Video: This 750-Leg Millipede is the Leggiest Creature in the World
Illacme plenipes, the record-breaking millipede, only lives in a few woodlands in Northern California. Image via Marek et. al.
The rareness of the millipede meant that from 1928 until 2005—when Marek, then a Ph.D. student, found a few specimens in the woods near San Juan Bautista—most scientists had simply assumed the species had gone extinct. Over the past seven years, Marek and his colleagues have taken several trips to the area, typically searching for hours before finding a single specimen clinging to the side of a boulder or tunneling four to six inches down into the ground.
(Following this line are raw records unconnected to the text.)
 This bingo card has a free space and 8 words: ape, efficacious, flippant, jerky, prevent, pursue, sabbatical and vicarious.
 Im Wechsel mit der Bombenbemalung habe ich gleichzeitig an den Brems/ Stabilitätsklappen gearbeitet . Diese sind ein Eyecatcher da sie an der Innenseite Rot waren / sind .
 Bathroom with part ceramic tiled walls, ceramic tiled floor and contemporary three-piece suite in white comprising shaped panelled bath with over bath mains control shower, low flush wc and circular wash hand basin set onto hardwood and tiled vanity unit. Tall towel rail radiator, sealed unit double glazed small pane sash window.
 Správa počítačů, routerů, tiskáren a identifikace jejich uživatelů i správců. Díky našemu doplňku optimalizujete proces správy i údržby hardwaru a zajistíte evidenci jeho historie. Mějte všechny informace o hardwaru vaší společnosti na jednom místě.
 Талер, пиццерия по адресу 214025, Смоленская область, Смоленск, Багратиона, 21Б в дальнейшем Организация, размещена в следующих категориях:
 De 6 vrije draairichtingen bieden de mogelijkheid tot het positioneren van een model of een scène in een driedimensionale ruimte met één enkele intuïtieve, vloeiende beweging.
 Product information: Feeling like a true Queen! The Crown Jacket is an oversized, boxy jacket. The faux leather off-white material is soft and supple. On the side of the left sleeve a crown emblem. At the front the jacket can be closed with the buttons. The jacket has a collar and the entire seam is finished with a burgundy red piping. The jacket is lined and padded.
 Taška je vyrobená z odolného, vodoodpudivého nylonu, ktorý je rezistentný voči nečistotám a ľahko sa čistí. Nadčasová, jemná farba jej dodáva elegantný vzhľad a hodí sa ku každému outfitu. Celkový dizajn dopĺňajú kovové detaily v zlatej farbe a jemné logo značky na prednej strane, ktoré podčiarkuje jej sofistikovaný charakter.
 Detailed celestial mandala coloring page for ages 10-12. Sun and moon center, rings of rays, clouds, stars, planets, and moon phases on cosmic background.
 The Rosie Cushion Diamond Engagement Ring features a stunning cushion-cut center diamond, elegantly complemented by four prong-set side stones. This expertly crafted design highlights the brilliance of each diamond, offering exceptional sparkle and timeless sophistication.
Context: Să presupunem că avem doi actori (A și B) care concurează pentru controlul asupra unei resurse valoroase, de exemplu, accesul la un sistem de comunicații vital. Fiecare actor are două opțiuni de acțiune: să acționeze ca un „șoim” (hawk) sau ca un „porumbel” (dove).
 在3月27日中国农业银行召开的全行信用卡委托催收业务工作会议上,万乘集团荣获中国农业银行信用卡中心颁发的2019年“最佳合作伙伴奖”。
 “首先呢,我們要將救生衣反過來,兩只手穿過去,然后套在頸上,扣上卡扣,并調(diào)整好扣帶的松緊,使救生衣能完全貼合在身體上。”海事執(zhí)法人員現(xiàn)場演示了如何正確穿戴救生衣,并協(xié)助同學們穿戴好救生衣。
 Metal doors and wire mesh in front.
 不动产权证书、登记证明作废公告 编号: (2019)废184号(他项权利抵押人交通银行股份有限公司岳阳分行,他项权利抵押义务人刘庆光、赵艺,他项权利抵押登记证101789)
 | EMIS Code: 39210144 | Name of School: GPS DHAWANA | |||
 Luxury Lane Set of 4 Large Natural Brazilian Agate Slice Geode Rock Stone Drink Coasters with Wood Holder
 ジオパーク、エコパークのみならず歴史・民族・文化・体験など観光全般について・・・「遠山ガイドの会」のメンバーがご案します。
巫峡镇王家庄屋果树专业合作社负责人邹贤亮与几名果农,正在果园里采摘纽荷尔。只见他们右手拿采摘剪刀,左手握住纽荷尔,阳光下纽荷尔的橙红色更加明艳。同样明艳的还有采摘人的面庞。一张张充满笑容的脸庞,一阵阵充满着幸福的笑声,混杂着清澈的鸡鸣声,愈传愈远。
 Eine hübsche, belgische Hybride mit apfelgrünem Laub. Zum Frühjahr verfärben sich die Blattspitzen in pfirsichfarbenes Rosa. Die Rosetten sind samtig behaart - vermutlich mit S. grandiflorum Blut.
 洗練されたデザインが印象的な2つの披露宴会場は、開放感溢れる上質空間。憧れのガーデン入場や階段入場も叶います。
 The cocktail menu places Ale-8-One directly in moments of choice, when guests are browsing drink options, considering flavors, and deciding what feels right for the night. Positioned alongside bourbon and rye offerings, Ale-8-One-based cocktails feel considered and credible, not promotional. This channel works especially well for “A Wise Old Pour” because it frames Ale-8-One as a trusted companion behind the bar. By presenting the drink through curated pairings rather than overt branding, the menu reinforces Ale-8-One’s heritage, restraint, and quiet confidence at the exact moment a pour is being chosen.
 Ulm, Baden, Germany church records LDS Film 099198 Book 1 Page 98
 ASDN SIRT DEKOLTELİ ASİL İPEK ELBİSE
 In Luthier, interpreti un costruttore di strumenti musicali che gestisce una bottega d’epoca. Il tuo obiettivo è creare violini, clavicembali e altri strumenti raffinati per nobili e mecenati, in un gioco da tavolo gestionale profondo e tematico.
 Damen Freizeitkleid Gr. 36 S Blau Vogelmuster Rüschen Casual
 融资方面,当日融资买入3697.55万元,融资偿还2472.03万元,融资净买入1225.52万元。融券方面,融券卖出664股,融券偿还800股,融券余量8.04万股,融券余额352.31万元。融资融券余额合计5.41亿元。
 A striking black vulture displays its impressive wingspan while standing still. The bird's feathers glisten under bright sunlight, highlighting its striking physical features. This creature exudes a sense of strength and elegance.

In studying these specimens under a microscope, Marek has discovered a number of surprising characteristics that go beyond its legs. ”It basically looks like a thread,” Marek told LiveScience. “It has an uninteresting outward appearance, but when we looked at it with SEM [scanning electron microscopes] and compound microscopes, we found a huge, amazingly complex anatomy.”
The new analysis revealed that the millipede has no eyes, disproportionately long antennae and a rudimentary fused mouth adapted for sucking and piercing plant structures. It also has specialized body hairs on its back that produce silk, which may be used as a defense mechanism to clear bacteria off the millipedes’ bodies.
A microscope image of the species’ specialized body hairs that produce a silk secretion. Image via Marek et. al.
Most millipedes have somewhere between 80 and 100 legs. Marek and his colleagues speculate that this species’ extreme legginess could be a beneficial adaptation for subterranean tunneling or even for clinging to the boulders widely found in the species’ habitat.
DNA analysis has revealed that its closest cousin, Nematozonium filum, lives in Africa, with the two species’ ancestors apparently splitting apart sometime soon after the breakup of Pangea, more than 200 million years ago.
The team has tried to grow the millipedes in a lab but has so far been unable to. They caution that the species could be extremely endangered—in 2007, they stopped searching for wild specimens out of fears that they were depleting the population—and advocate for a formal protection listing, so scientists will have the time to learn more about them before the millipedes go extinct.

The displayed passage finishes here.